Last night I was out with my brother driving in the Wisconsin countryside on a crisp, clear October night - deep night, about 1:30 in the morning. The half moon - so bright and orange, its roundness palpable, and so near it felt like I could reach out and touch it - was setting in the western sky freeing up the light of the Milky Way. We stopped on a dark rural road and got out of the car to get a little dose of awe and wonder.

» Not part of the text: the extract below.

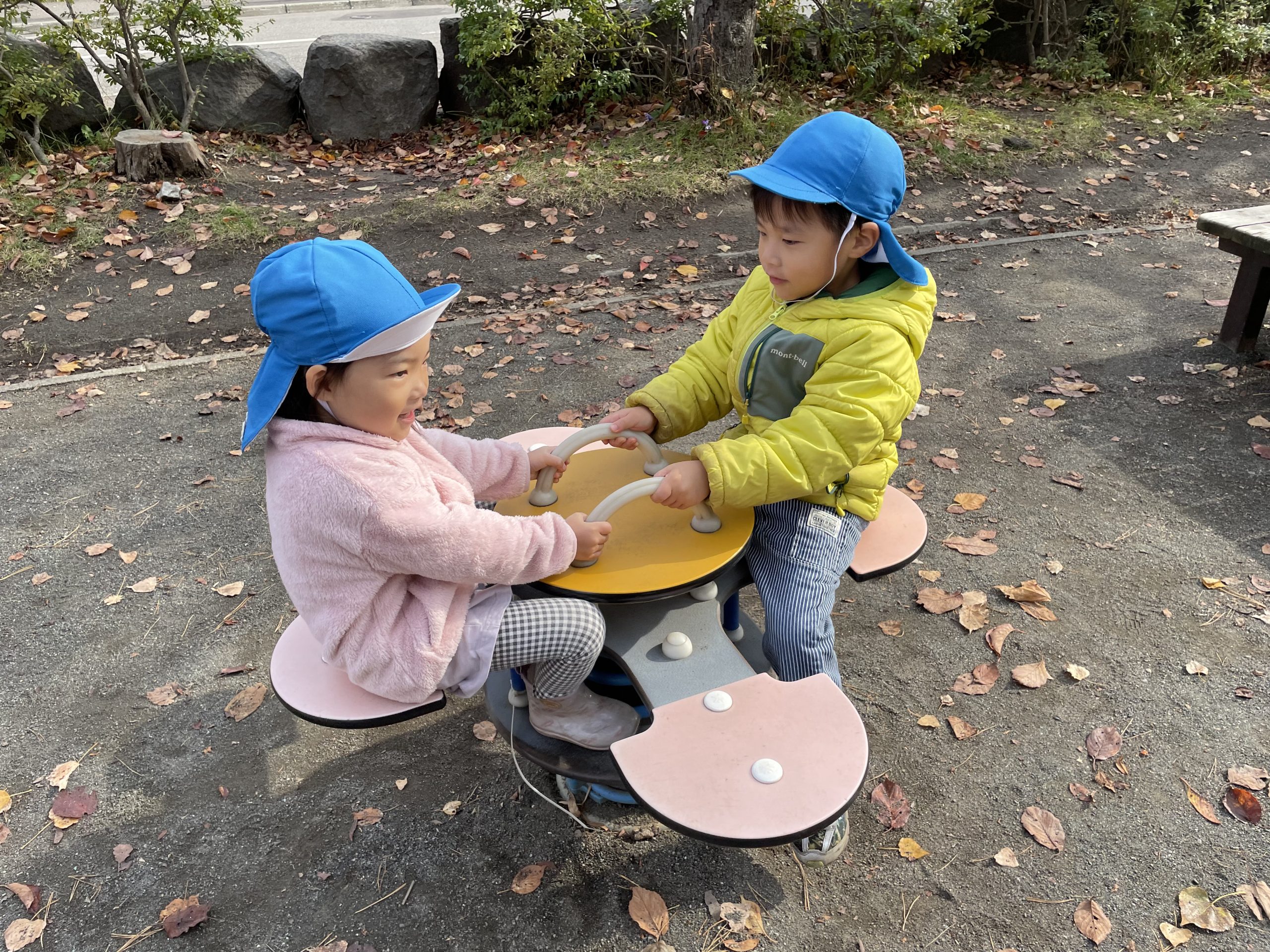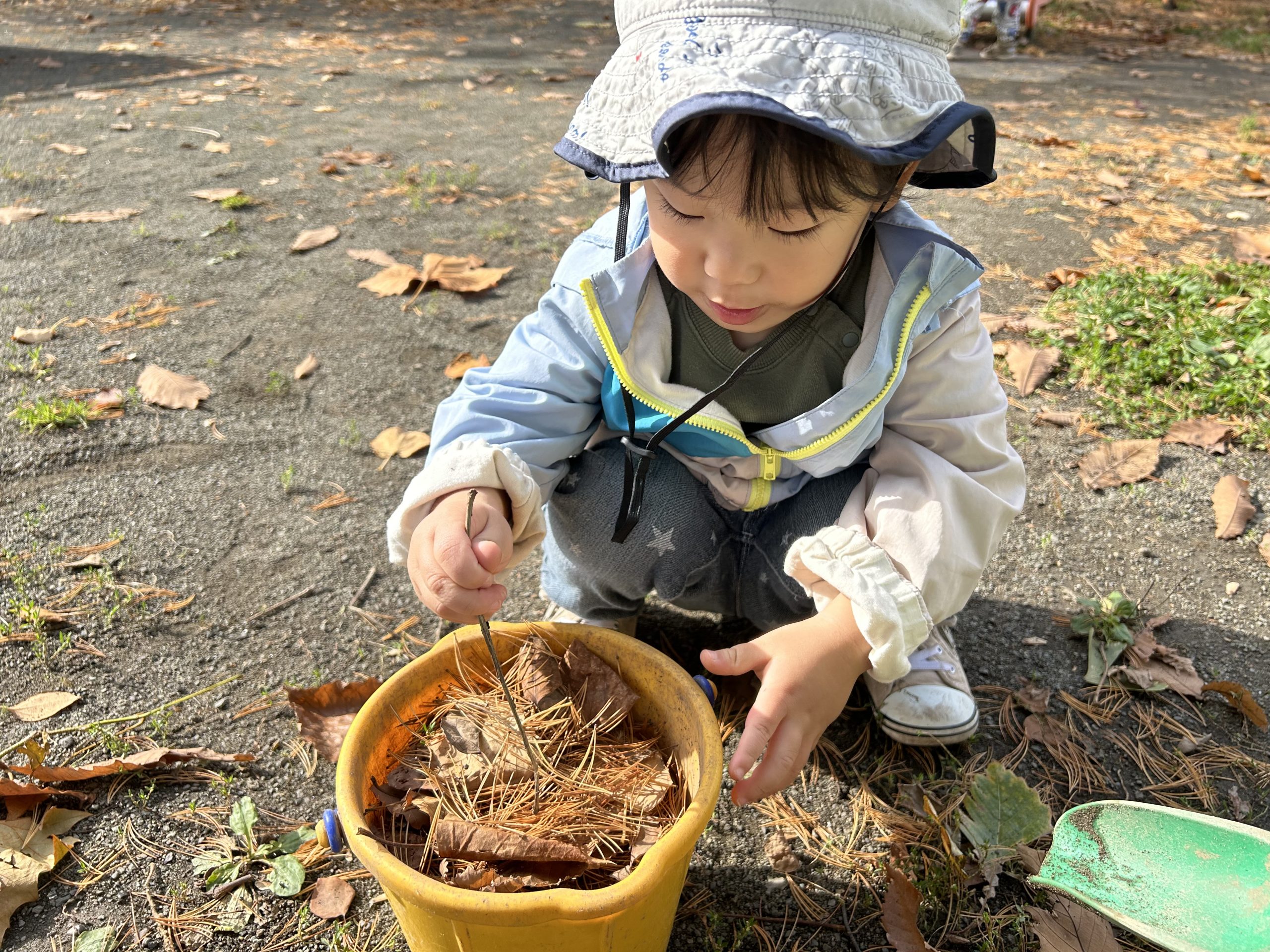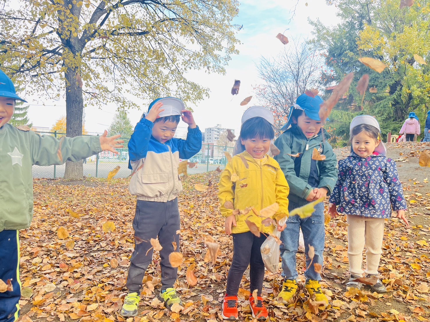 公園にはい〜っぱいの落ち葉があって、みんなで集めて〜

Home. My home galaxy. These days I find this so comforting, to gaze up into the swirl of billions upon billions of stars and who-knows-what-is-out-there and recognize it as my "place" in the universe.
Sometimes it feels crucial to enlarge - especially when one begins to feel almost claustrophobic on this increasingly crowded, damaged planet. To enlarge, to get things in perspective - even when that perspective is one of the foundations of the deepening crisis of the human here on Earth.
We have been dislocated by what we now know about our universe. It almost seems that the larger the universe becomes in both space and time and the less significant we understand ourselves and our planet, and even our solar system, to be in the greater scheme of things, the more we insist upon our self-importance, upon old belief systems and cosmologies. We can understand this, yes? this extreme existential anxiety, this crisis of meaning, this need to cling tightly to what we once thought the world to be?
You know, that big question about meaning and purpose - is there any?
I love the D.H. Lawrence quote for all sorts of reasons, one being what he states about the mind. We westerners believe our mind is not of Nature, not subject to Nature, is our biggest boast to importance and supremacy over even life itself, and certainly over Nature, which we have learned to manipulate, rip into pieces, combine into new pieces, and sit back and be proud of ourselves.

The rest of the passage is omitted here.